Introduction/Background*Interpretation of smears is a challenge in older women owing to atrophic changes. Colposcopy can be difficult and views are repeatedly unsatisfactory due to a stenotic os. LLETZ procedures are therefore often performed based on initial high-grade smear cytology. However, approximately 60% of cervical cancers occur in women aged 45 plus; evidence shows a second peak of high-risk HPV in postmenopausal women. This study aims to review the management of women aged 50 years and above with high-grade smears and establish the incidence of cervical cancer in this cohort.
Methodology A retrospective study was conducted; an electronic search was undertaken to identify all women aged 50 years and above referred from the national screening programme with a high grade (moderate or severely dyskaryotic) smear to the Colposcopy unit at Queen’s Hospital & King George Hospital Barking, Havering & Redbridge NHS Trust between 1st January 2016 – 31st December 2019. Infoflex and cyberlab were used to collate data to establish establish colposcopy findings, histology of biopsy, LLETZ, or further surgical intervention plus results following tests of cure. Data was analysed using Microsoft Excel.

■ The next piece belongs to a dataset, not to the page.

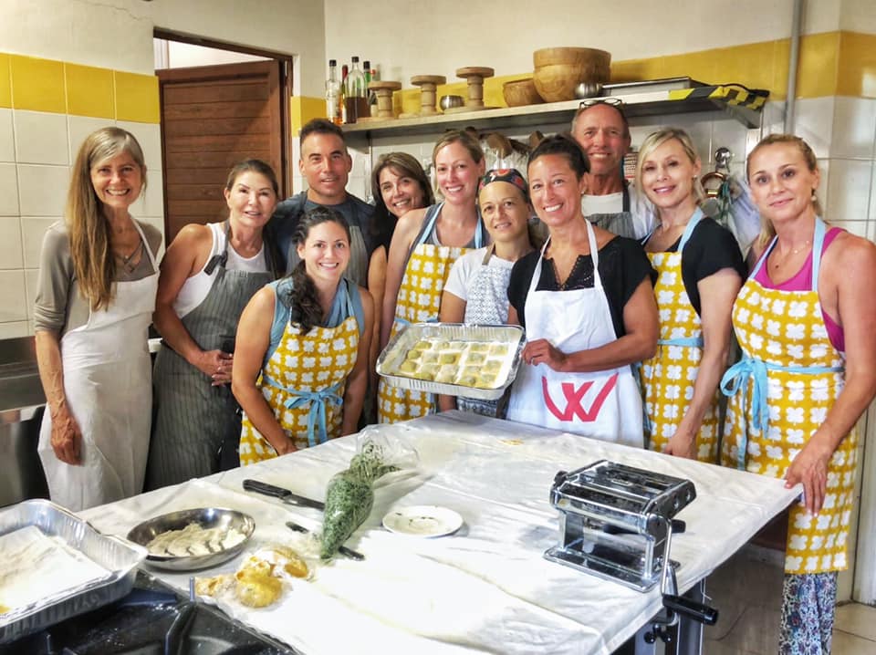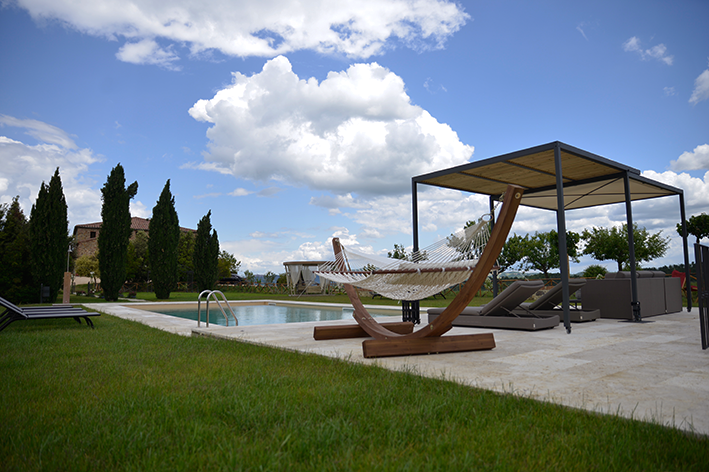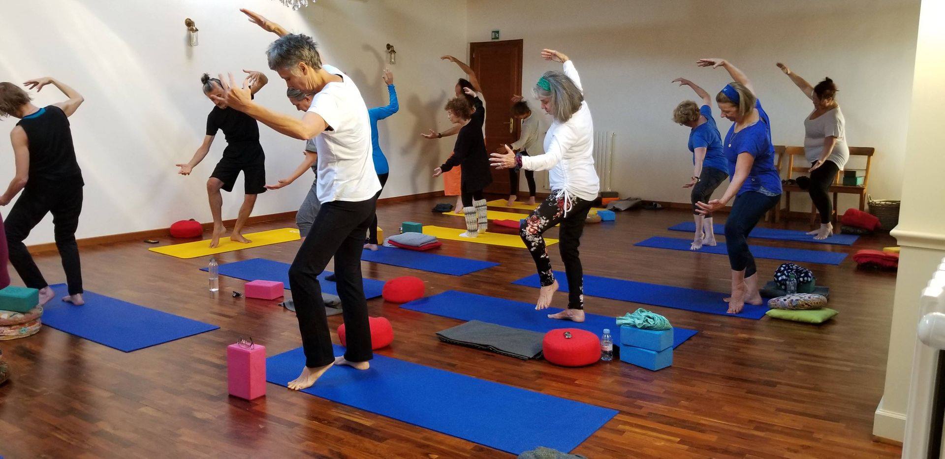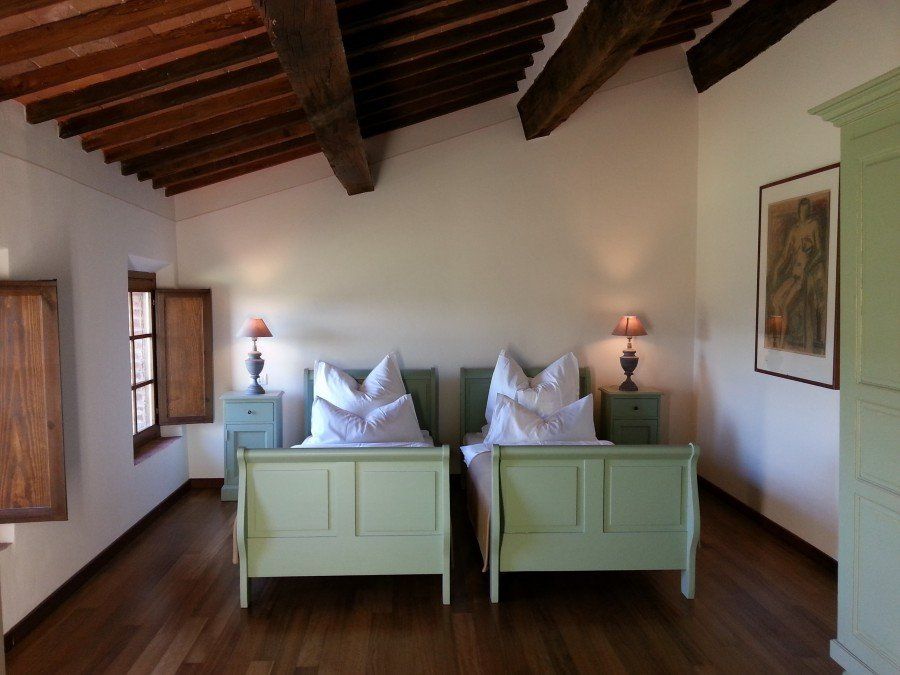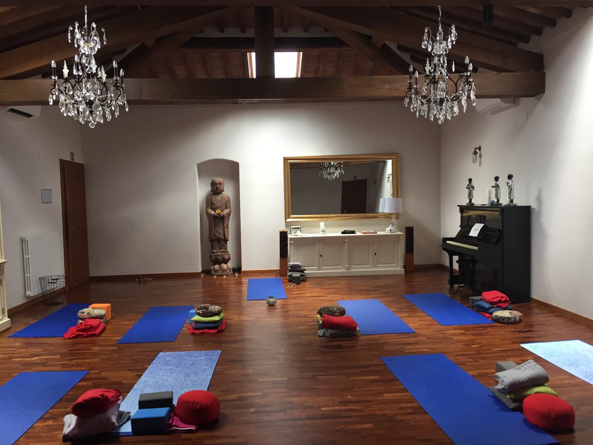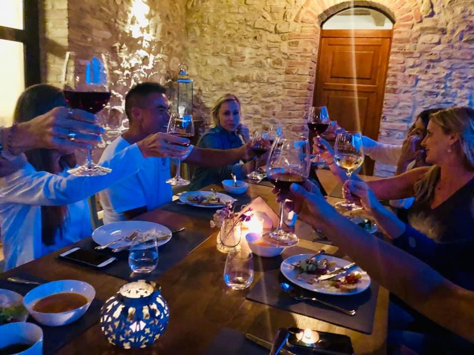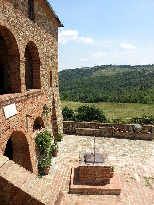 Locanda Cugnanello, our home-base retreat center, is a 800 years old fortified Tuscan villa, which has been fully restored and restructured to offer a luxurious environment for up to 25 people. The spacious indoor studio is a perfect space for yoga, meditation and similar activities. All rooms are with private bathroom. The salt water swimming pool is situated in the relaxing garden area, surrounded by lavender fields and offering a breathtaking view. Guests can enjoy their meals either in the large dining room or outside, on the covered terrace. The kitchen offers healthy and delicious food, especially created for the needs of daily yoga practice, but based on traditional Italian recipes. Once per week pizza is prepared in the traditional Tuscan pizza oven. All around the building there are cosy spaces to relax. Two gyms offer the opportunity for physical exercise. Massages are offered in a separate building on the property. The gorgeous wine-cellar offers a perfect space for wine-tasting.

Result(s)*Of the 99 women referred, smear cytology demonstrated 1 suspicious of glandular neoplasia, 50 of severe dyskaryosis and 48 of moderate dyskaryosis. 11 patients were excluded due to incomplete data. Colposcopic views were undiagnostic for 27 (31%) of patients. 82 (93%) patients underwent LLETZ, while 11% of patients underwent radical surgery based on their smear +/- histology results. This study identified a 5% incidence of cancer (3 SCC; 1 adenocarcinoma). 61% exhibited high-grade histology (23% CINII and 38% CINIII) and 13% exhibited low-grade histology (CINI). 11% had no abnormality and a further 10% displayed other benign changes.
Conclusion*Our local analyses demonstrate a 5% incidence of cancer in women aged 50 years as per histological diagnosis. 61% of referred patients exhibited high-grade histology; 11% of the sample population underwent radical surgery. This may justify a lower threshold to performing LLETZ procedures where colposcopy findings are indeterminate.